CHRISTINA: Oh, so there wasn't one up there?
PENNY: No, well my parents lived in Broadford Kilmore, which is not that far from Melbourne really.
TIM: I'm a child of city folks so I'm a total blow-in.
CHRISTINA: Well, it's good that the accepted you eventually.
TIM: No, no. My parents have lived in Castlemaine for more than 40 years, but they're still not as local as the people who have been there forever.
CHRISTINA: Disappointing.
PENNY: But that song, I really felt quite proud that, the name of the town was in the song.
TIM: And the other thing that came up a few times was Captain Melville because there's the Melville caves, not too far away from, just sort of West of Bendigo, North-West of Castlemaine, which we went to on some school excursions cos it's also some nice big rocks and you can climb on them and go camping and stuff. They were legendarily the place where Captain Melville had hidden out and it's got a great view of the surrounding countryside so the story was always that 'Oh Captain Melville could keep a look out if there were any approaching police.'
PENNY: Is it true?
TIM: I'm not sure. But given that every historical record I've read of Captain Melville says that Melville was actually operating Mount Macedon, which is quite some distance from the Melville Caves, I'm tempted to think that it might be a bit of wishful thinking.
CHRISTINA: It was just an excuse for an excursion.
PENNY: Well that's the thing with bushrangers, there's truth and then there's the storytelling and it's all very confused.

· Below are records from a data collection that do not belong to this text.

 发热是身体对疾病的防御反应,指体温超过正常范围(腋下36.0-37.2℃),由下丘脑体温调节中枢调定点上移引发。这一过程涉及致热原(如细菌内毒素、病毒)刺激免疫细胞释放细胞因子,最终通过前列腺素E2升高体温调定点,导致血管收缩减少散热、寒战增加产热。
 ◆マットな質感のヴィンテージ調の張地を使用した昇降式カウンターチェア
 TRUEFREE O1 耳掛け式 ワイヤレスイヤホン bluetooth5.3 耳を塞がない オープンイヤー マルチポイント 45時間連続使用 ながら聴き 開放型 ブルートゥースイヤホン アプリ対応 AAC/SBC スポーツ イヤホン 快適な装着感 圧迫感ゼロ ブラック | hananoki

Christina, what about you? You're a city kid.
CHRISTINA: I am.
PENNY: And you went to school in the city.
CHRISTINA: I did.
PENNY: Did you still learn about bushrangers?

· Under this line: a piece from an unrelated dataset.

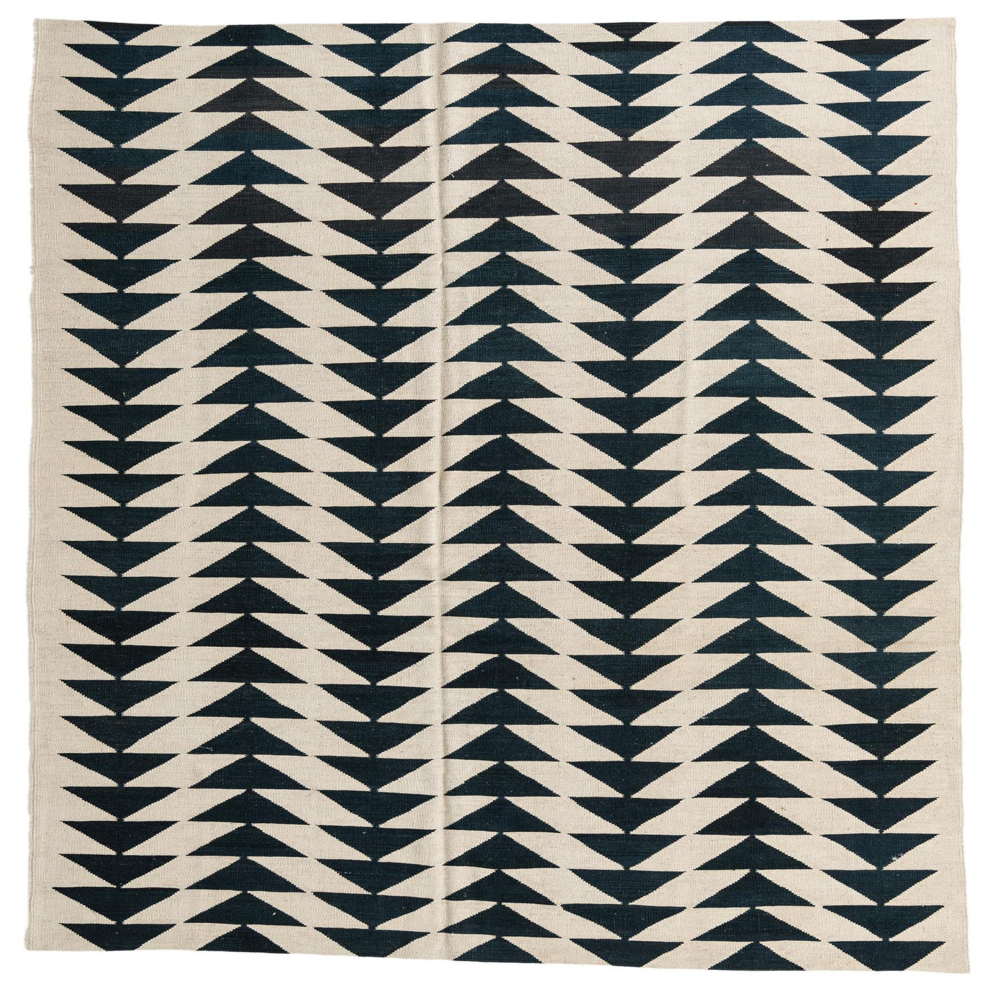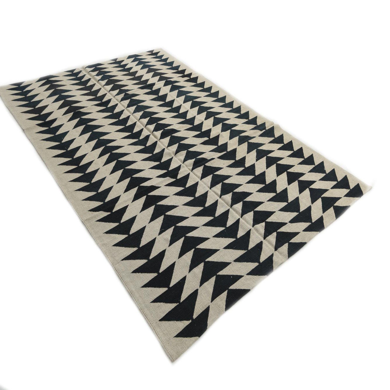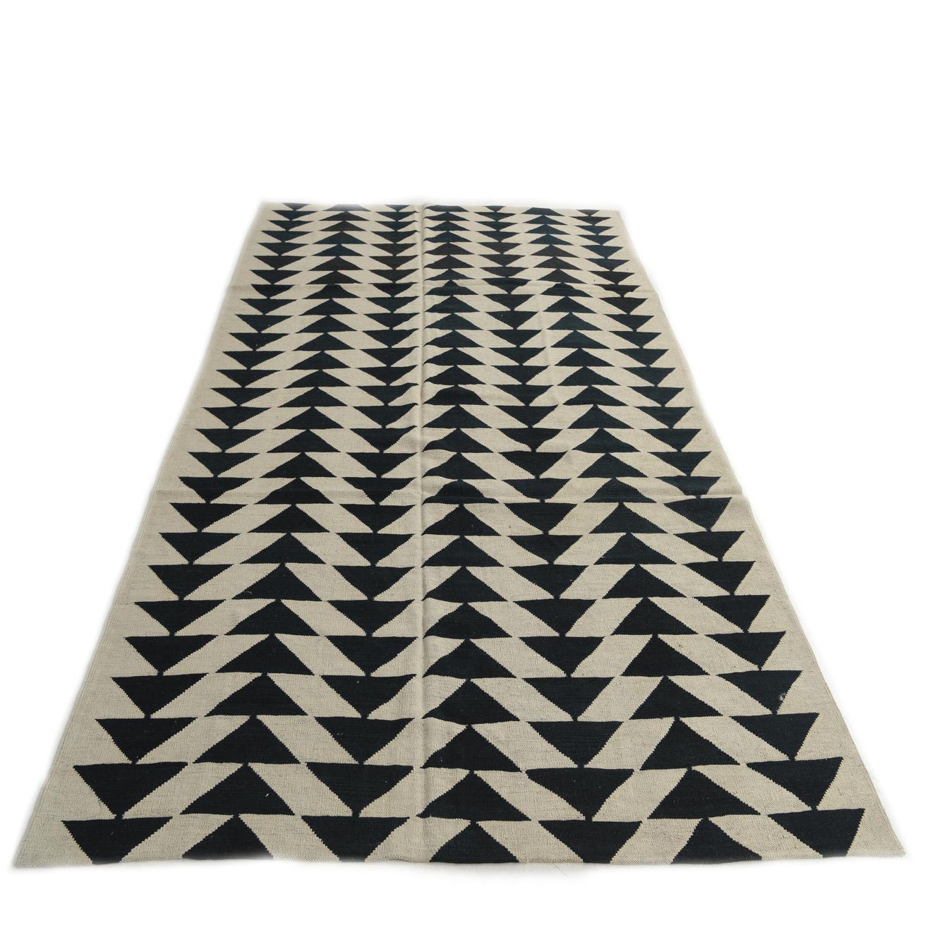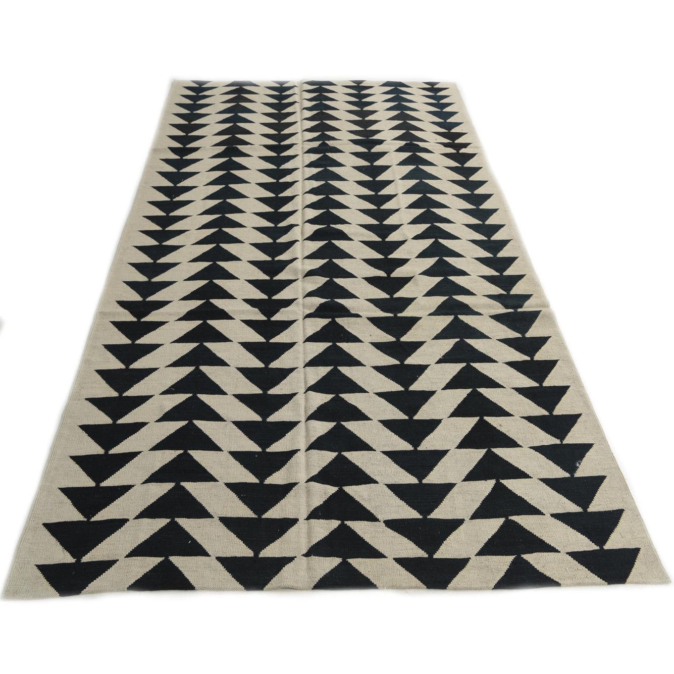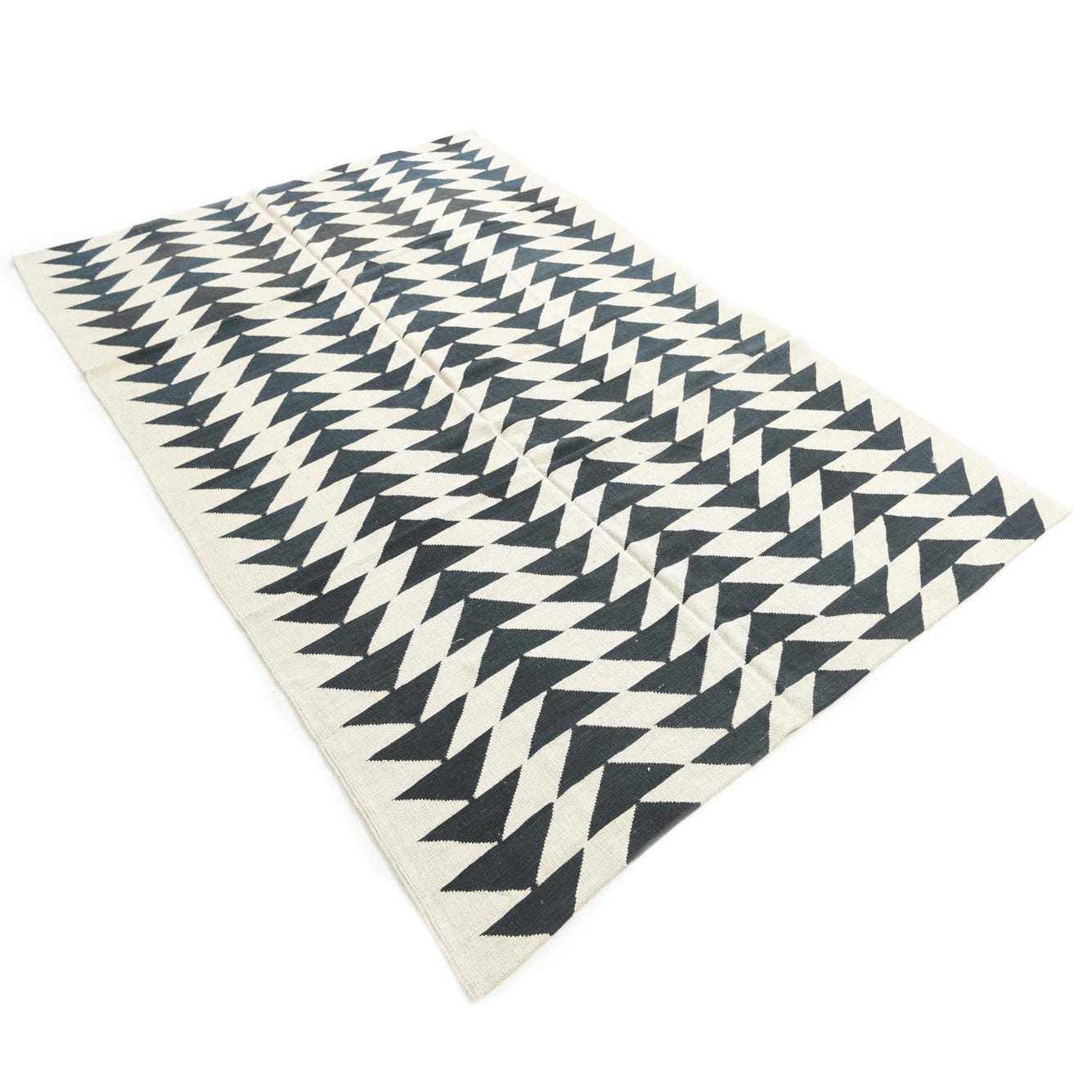A 6x9 rectangular ivory and dark blue flatweave rug with a repeating tribal geometric triangle pattern.

CHRISTINA: Just your basic Ned Kelly. Not really anything else, to be honest.
PENNY: Yeah, I guess we did get a little bit more didn't we.
CHRISTINA: Yeah.
TIM: And there's all the trips to Sovereign Hill and that sort of thing.
PENNY: Did you go to Sovereign Hill?
CHRISTINA: Did go to Sovereign Hill. Bought the umbrella lollies, or whatever they were.
PENNY: They were yum.
CHRISTINA: Never got one the old-fashioned photos taken though. Very disappointed though, I never got one of those.
PENNY: They'd be expensive.
CHRISTINA: I think they were. I think that's why my parents kept shepherding me away from them.
PENNY: We went on a, we went recently with the kids and they enjoyed it. But jeez they find little ways, all through the place you can spend money.
CHRISTINA: It's like Disneyland.
PENNY: Yeah.
CHRISTINA: With a gold panning undertone.
PENNY: It was better than I thought it would be. Because I remember it being fantastic as a kid.
CHRISTINA: Were there still lots of Clydesdales around?
PENNY: We went on the horse-drawn carriage, yes. Paid for that.
CHRISTINA: How much is that?
PENNY: Might have been 5 bucks each. We probably got a family ticket for maybe 15/20.
TIM: I think I read that the staff are striking at the moment so solidarity with the workers of Sovereign Hill.
CHRISTINA: They're wearing modern clothing.
PENNY: Well, whatever it is, I'm absolutely on their side, I'm sure that
CHRISTINA: They've got their reasons.
PENNY: Exactly.
CHRISTINA: They're not just humbugs. I did like those jars of lollies too.
PENNY: They have really good lollies, but we're not having them until they treat their workers right.
CHRISTINA: Can you order those online? I wonder. Some boiled sweets from Sovereign Hill.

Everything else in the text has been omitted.